Please note that the SVM model achieved extremely high accuracy and might warrant further investigation to ensure there is no overfitting.


## Conclusion

In this sentiment analysis project, we developed and evaluated three different models to predict user ratings based on product reviews. We utilized logistic regression, Support Vector Machine (SVM), and Random Forest models. The primary goal was to assess their performance in accurately classifying user ratings from 1 to 5 based on review text.

Our models demonstrated promising results with high accuracy in classifying user ratings. The SVM model, in particular, achieved an impressive accuracy of 99%, followed closely by the Random Forest model at 97%. Logistic regression also showed strong performance, achieving an accuracy of 95%. These high accuracy scores are encouraging, indicating the potential of these models for real-world sentiment analysis tasks.
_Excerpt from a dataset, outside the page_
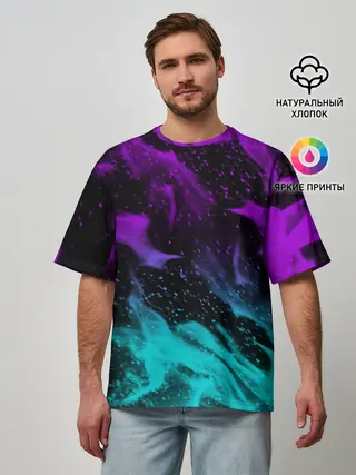 Мужская футболка оверсайз / НЕОНОВЫЙ ОГОНЬ

Despite these favorable results, there is still room for improvement and further evaluation. Future work could focus on the following areas:
- **Larger Datasets:** Expanding the dataset with a more extensive and diverse collection of reviews could enhance the models' generalization capabilities.
- **Hyperparameter Tuning:** Further fine-tuning of hyperparameters could potentially improve the models' performance and robustness.
- **Real-world Testing:** Evaluating the models with real-world user reviews and monitoring their performance in production environments is essential to ensure their effectiveness.

In conclusion, our sentiment analysis models have shown strong potential for predicting user ratings based on product reviews. However, ongoing refinement and testing are necessary to achieve the highest level of accuracy and reliability in sentiment analysis tasks.